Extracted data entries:
- - - - - - -

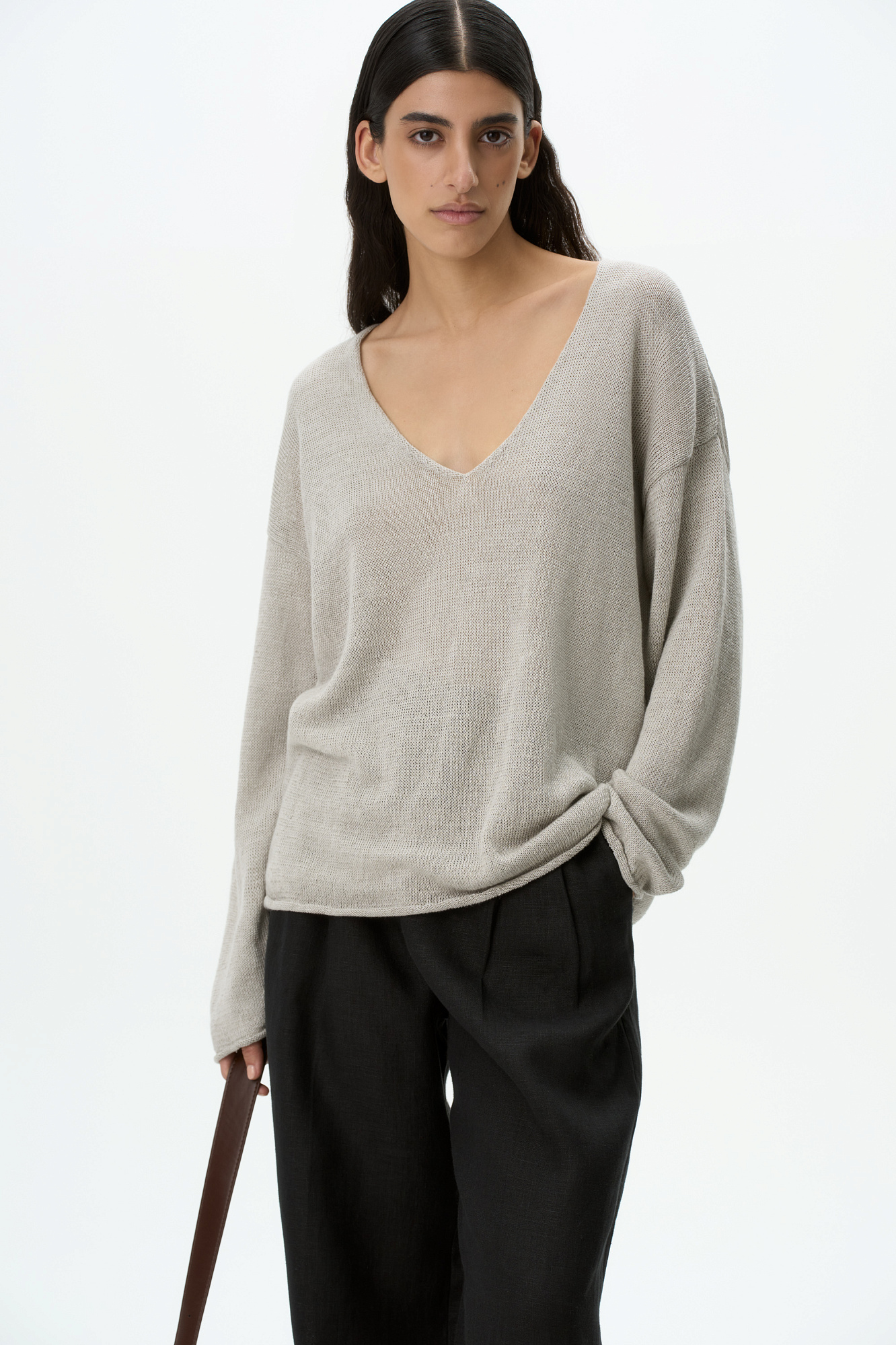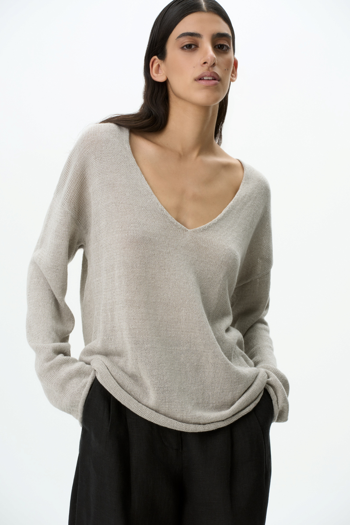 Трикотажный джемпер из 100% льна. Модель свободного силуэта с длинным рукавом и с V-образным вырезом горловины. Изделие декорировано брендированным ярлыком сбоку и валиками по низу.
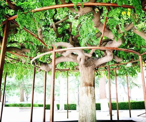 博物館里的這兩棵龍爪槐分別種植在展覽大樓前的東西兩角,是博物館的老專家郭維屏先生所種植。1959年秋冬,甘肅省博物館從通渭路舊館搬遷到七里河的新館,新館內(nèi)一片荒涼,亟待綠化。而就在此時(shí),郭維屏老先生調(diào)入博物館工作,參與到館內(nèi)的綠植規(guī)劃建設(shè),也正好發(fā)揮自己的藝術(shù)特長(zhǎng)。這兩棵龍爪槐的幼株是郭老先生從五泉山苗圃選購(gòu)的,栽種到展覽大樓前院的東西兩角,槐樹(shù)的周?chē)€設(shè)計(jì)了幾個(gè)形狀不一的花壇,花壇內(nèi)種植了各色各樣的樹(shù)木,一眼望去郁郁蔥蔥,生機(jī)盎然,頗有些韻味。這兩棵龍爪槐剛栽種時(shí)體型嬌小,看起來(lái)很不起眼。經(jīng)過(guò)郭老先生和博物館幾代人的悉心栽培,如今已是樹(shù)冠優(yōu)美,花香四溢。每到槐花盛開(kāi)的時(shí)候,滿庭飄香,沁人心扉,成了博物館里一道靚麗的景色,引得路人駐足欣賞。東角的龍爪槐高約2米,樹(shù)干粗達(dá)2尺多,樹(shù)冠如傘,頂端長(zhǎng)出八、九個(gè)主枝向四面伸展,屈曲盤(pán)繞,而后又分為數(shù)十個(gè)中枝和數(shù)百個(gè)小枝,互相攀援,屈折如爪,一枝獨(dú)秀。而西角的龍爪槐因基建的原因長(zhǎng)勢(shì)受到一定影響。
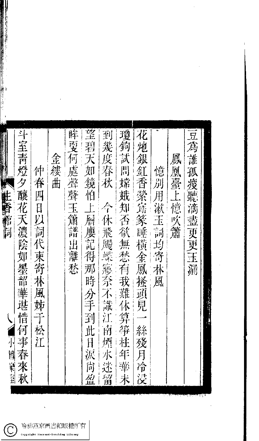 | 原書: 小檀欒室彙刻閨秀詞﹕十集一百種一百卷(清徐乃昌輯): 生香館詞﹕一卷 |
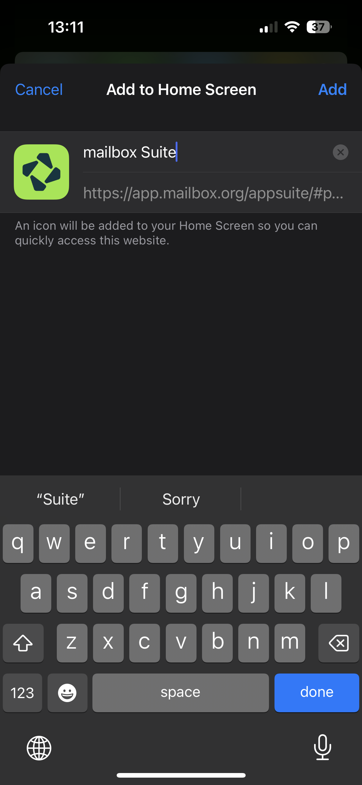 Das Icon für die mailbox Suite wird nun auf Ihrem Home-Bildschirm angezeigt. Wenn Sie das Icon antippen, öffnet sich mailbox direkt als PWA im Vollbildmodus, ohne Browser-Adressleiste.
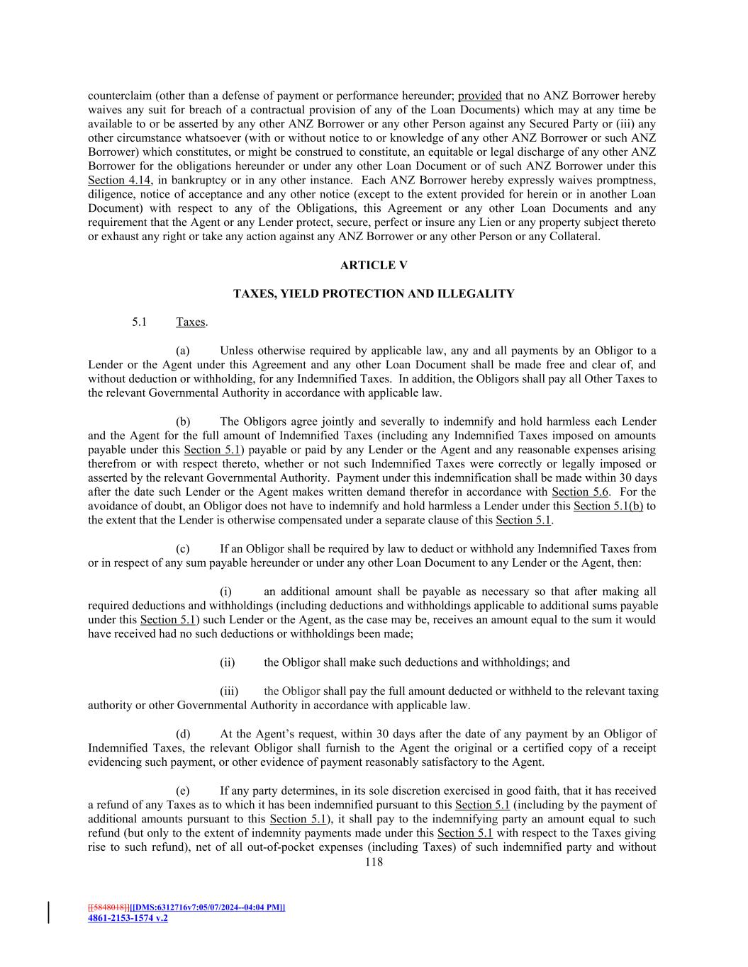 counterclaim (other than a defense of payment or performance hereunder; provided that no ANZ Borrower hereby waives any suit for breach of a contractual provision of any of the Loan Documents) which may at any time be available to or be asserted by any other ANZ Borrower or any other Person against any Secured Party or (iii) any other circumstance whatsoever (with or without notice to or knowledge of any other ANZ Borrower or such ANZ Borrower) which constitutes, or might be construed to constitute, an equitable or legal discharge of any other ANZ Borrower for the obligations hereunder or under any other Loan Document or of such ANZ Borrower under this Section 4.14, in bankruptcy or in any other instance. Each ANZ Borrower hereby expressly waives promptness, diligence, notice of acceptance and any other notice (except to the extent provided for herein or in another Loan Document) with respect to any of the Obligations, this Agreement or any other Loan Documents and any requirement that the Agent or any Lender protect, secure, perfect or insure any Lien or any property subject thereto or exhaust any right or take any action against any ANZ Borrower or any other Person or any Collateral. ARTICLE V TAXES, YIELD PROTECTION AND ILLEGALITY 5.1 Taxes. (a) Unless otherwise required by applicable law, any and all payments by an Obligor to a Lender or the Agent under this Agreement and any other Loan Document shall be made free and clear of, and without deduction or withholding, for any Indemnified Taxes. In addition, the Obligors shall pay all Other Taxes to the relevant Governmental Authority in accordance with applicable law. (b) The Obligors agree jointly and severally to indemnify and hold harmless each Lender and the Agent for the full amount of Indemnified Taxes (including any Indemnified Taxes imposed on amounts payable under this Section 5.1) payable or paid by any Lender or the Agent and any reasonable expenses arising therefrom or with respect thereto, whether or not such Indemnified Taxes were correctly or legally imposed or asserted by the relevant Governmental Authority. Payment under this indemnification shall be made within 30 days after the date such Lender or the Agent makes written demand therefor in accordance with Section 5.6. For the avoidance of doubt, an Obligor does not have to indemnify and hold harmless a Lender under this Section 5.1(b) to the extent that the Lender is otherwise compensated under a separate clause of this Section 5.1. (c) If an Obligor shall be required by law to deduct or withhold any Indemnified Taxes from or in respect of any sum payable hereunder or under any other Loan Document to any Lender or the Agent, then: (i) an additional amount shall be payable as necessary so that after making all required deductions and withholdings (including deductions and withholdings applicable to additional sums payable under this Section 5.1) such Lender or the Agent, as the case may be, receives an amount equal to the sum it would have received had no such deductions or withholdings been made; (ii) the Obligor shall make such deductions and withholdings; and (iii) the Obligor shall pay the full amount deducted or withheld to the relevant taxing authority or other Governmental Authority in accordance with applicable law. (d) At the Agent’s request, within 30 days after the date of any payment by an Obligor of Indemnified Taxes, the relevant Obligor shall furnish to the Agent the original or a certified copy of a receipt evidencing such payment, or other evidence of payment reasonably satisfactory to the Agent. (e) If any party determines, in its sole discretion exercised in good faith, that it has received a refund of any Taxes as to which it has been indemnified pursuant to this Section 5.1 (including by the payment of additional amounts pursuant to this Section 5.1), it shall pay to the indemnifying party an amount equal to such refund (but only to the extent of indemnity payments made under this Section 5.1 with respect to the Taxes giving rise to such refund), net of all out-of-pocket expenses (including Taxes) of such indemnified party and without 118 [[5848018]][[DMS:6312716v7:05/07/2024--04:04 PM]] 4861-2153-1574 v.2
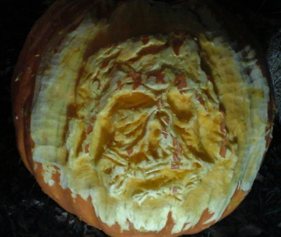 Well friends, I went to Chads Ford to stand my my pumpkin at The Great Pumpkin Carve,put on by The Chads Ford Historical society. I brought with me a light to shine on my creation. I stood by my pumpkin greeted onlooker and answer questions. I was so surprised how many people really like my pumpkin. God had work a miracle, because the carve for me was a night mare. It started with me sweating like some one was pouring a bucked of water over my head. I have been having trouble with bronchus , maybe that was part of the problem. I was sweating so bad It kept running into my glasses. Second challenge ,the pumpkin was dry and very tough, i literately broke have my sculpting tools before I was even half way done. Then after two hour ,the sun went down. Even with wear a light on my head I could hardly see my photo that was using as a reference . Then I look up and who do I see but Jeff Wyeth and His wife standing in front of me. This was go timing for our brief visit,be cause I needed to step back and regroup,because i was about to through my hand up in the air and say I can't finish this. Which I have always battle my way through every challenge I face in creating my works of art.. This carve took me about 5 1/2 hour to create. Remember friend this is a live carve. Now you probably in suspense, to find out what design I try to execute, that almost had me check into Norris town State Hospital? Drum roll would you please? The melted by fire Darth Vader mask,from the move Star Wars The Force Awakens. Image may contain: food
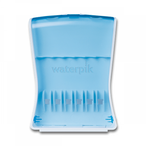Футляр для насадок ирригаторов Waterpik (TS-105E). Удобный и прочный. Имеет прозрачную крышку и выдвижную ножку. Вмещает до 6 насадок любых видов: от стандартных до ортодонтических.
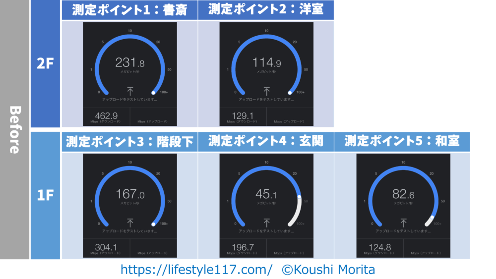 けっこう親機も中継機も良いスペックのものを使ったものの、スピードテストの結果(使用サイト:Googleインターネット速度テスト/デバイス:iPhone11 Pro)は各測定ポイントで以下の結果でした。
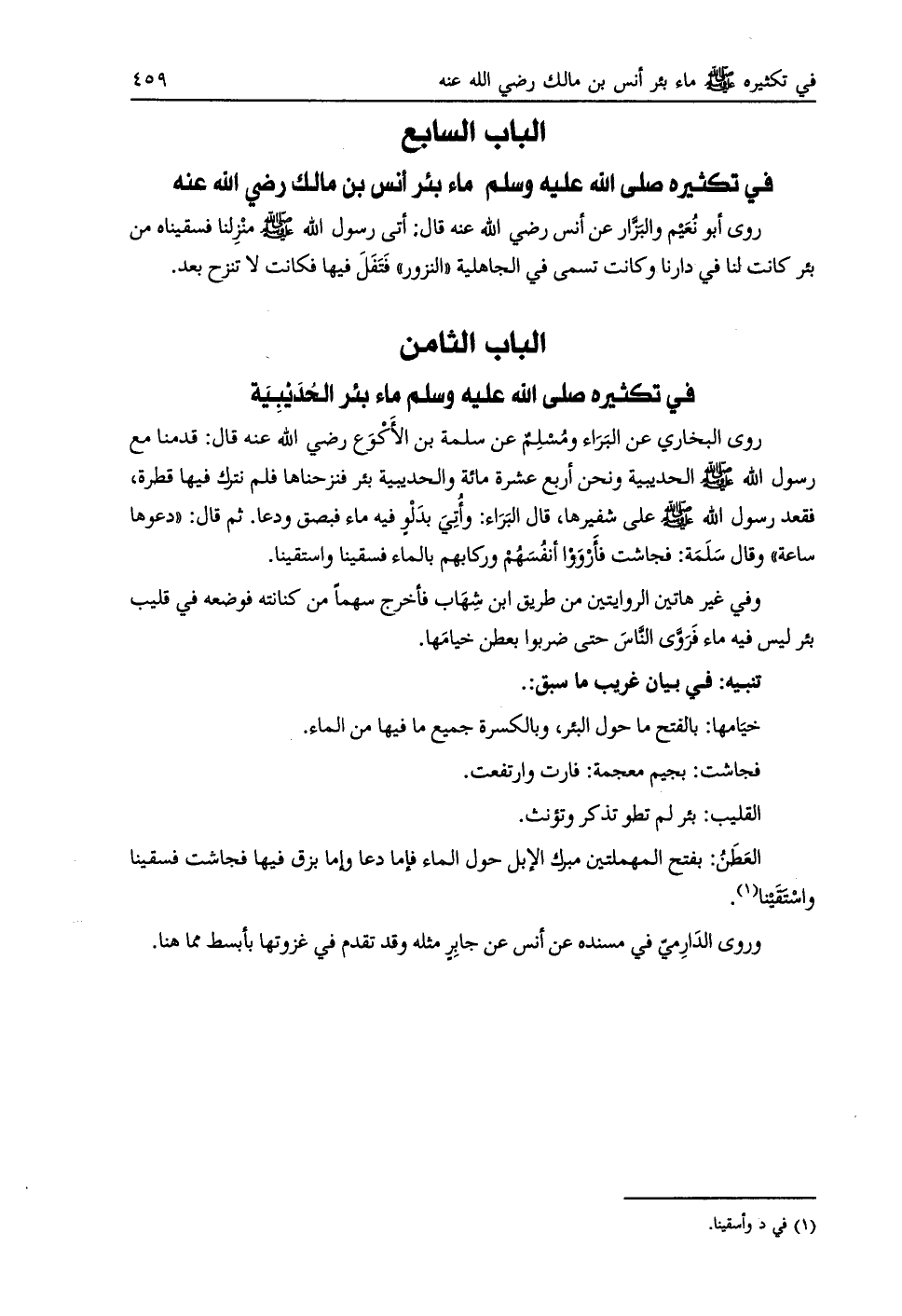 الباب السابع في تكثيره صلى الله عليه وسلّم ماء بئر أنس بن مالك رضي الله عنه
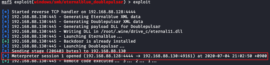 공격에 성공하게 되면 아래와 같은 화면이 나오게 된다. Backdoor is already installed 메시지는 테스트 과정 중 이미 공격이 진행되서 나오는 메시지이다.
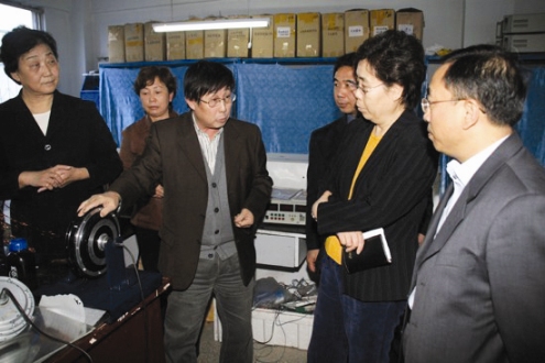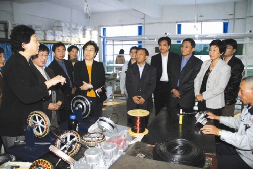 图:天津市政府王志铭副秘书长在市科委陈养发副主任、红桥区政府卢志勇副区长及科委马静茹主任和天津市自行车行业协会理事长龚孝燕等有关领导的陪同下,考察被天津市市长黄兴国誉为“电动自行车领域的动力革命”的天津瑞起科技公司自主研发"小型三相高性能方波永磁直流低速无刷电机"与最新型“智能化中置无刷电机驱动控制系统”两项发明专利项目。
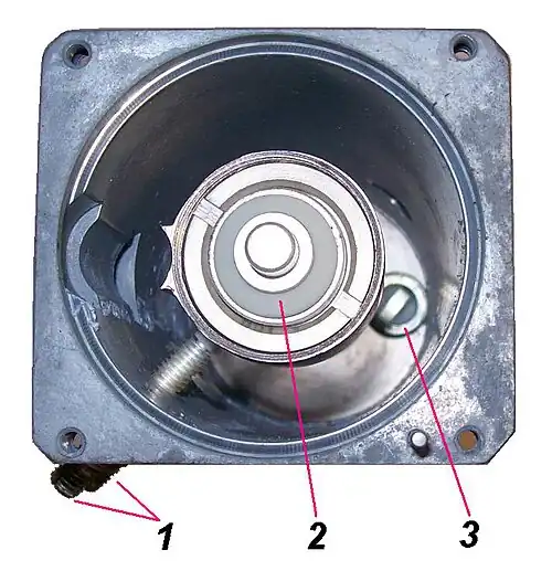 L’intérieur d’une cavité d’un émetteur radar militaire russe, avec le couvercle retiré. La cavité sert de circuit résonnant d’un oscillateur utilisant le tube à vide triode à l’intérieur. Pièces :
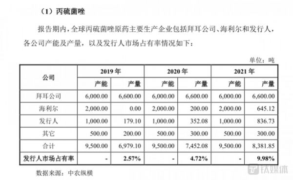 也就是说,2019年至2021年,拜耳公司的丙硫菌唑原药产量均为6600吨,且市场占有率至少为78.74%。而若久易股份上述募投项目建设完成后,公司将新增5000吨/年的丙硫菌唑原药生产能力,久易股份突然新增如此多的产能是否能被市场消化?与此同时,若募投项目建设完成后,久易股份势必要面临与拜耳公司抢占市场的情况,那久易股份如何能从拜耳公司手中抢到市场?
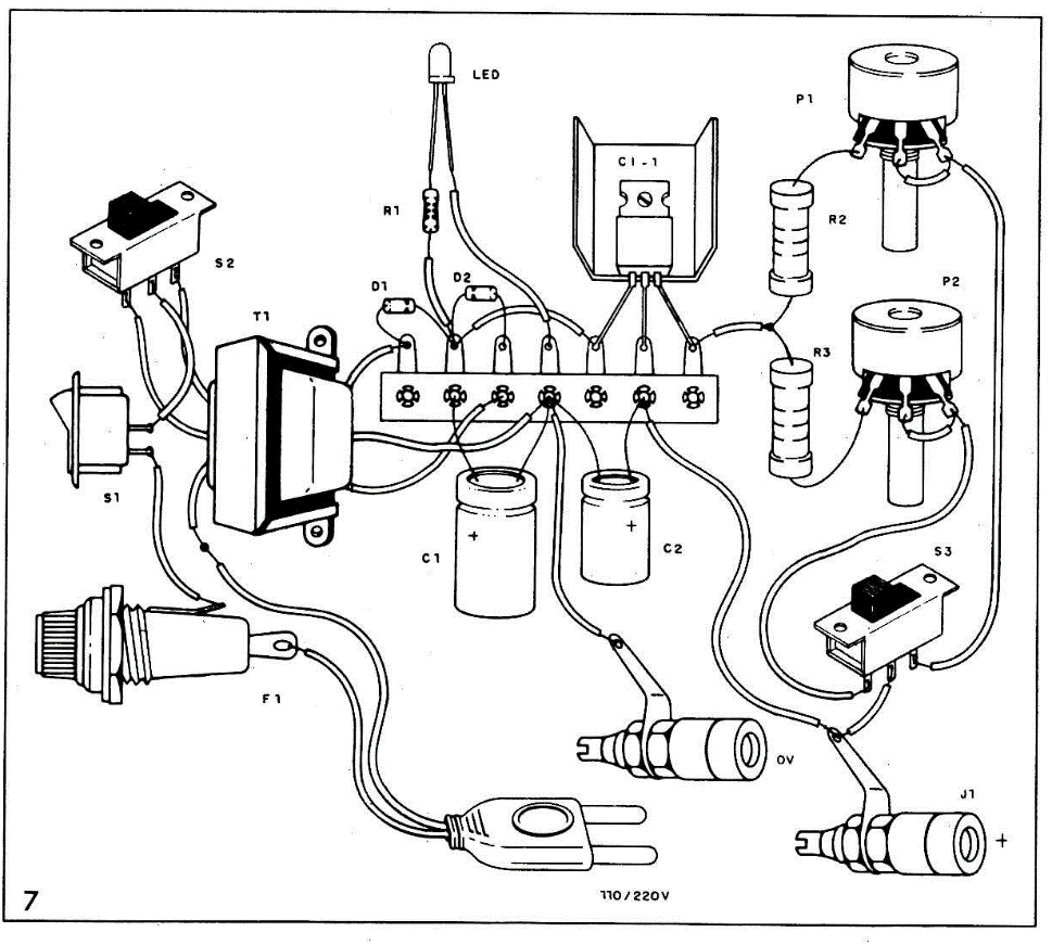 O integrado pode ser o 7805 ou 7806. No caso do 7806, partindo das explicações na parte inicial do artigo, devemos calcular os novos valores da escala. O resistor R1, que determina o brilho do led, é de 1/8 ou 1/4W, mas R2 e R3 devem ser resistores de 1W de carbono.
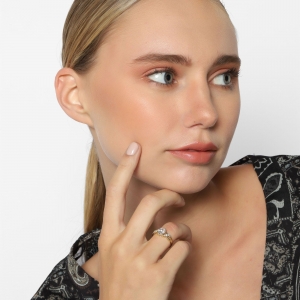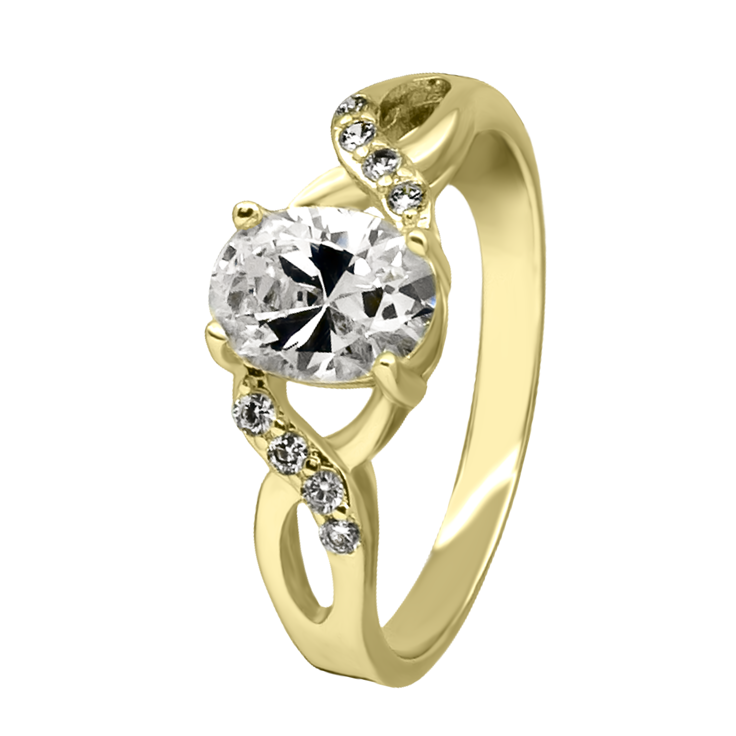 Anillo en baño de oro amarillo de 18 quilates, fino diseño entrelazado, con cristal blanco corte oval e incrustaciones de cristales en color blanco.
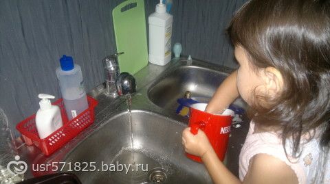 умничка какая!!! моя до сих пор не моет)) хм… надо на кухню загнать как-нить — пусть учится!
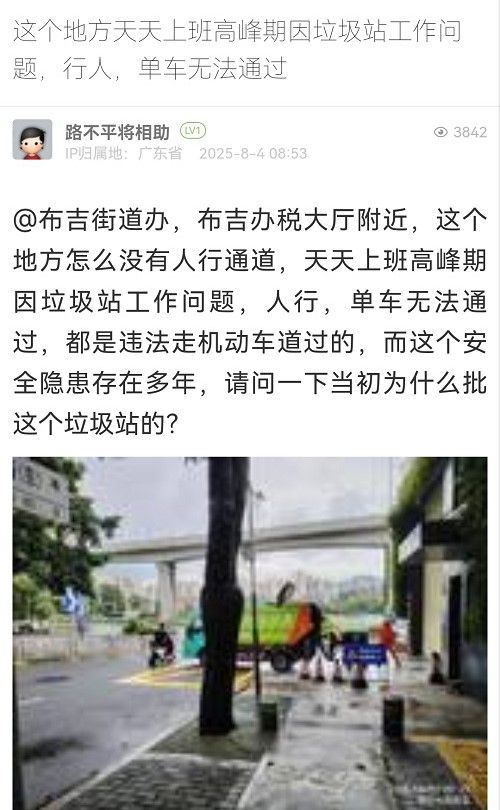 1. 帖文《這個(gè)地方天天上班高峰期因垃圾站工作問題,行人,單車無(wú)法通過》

- - - - - - -

**What you have to do**
Each line above that falls between the line with "Anillo en baño" and the line with "умничка какая!!! моя" should be printed exactly, together with those two lines, but the pictures should not.

**Answer section**
 Anillo en baño de oro amarillo de 18 quilates, fino diseño entrelazado, con cristal blanco corte oval e incrustaciones de cristales en color blanco.
 умничка какая!!! моя до сих пор не моет)) хм… надо на кухню загнать как-нить — пусть учится!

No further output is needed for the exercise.